If anyone asks, you did not hear about this book from me.  In fact, let’s just pretend I am not even writing this right now and you, well, you are not really reading it. 

You would understand why all the fuss if you knew what this book is about, but you won’t hear it from me.  I am certainly not going to tell you it is a book about an unfortunate (universal) experience of boy suffering through puberty.  That would be…awkward, especially coming from me.

So, I guess I also better not explain that even though this HILARIOUS book had me laughing out loud (and reading passages out loud to Mr.
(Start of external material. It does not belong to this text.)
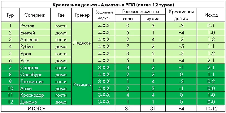 Судя по всему, Рахимов определился с игровой концепцией, сделав выбор в пользу схемы с тремя центральными защитниками (в 4 из 6 матчей, включая все три с топ-соперниками, игралась именно она)  - и, по крайней мере, до зимнего перерыва «Ахмат» наверняка будет продолжать  в том же духе. Большой плюс этой схемы конкретно для грозненцев – она позволяет более эффективно использовать впереди латералей, тем более что и у Мохаммади, и у Уциева есть подходящие для этого качества.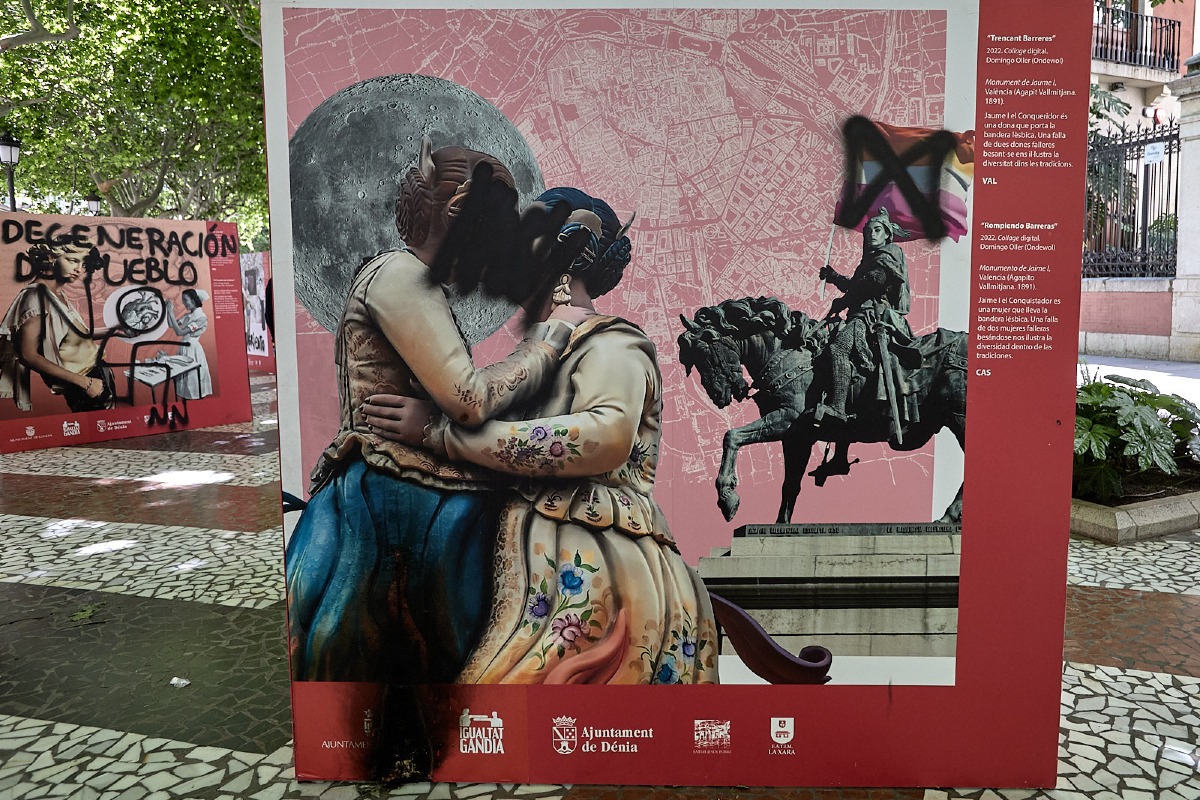 Las imágenes del beso entre dos falleras, banderas del orgullo o representaciones femeninas no normativas fueron dañadas con pintadas ofensivas como “degeneración del pueblo”, “puteros” y esvásticas sobre símbolos del colectivo. Incluso se intentó borrar los rostros y las identidades que representan a miles de personas.

Levine) page after page, it was also a book with substance.  I won’t mention that amongst the puns and humor, is a story of kid who just wants to get it right.  I am not going to mention that he learns (and therefore teaches us, the readers) an important lesson about the benefits of doing the right thing and being yourself.  I will also avoid saying that the relationship between the protagonist and his family is hysterically funny, grounded in real life, and heartwarming.

And I definitely won’t include this quote to show you just how (inappropriately) funny this book is:

“Seriously I want them to stop. 

But they don’t, or won’t, so I’m forced to hide them.  Oversized shirts that I wear untucked.  Baggy pants with enough room inside the crotch for a microwave oven.  Dictionaries I keep on my lap as if I am eager to look up fourteen-letter vocab words just for the “exuberating experience of exponentially enhancing my grandiloquent education.”

Yeah, right.  The only thing big ol’ Webster’s is good for to a kid like me is hiding my ding-dong when it stands at full attention.”

So, don’t take it from me that this book will make you laugh because I would certainly say nothing of the sort.  In fact, I wouldn’t speak of such embarrassing topics.  If anyone asks, I most definitely did not suggest you pick up a copy of The Downside of Being Up by Alan Lawrence Sitomer if you need page after page of reasons to laugh and to celebrate being a human, awkwardness and all. 

Disclaimer: This is another book I got FREE at the NCTE convention… for teachers!  In fact, here he is signing books:

Oh, and in case you didn’t know this: The author, AlanLawrence Sitomer was awarded the title California teacher of the year—multiple times.  He is a professional who even teaches other teachers.  Here he is doing just that:
 AND did I mention that this guy writes books for DISNEY?  And that's a fact I'll admit to sharing!

7 comments:

  1. Did I miss this new look last time, Christy? Looks great. The book also sounds great, and fun, and after reading your post I now also get the title. Hm-m, do you really think any young student will ask to borrow this? I'm not sure...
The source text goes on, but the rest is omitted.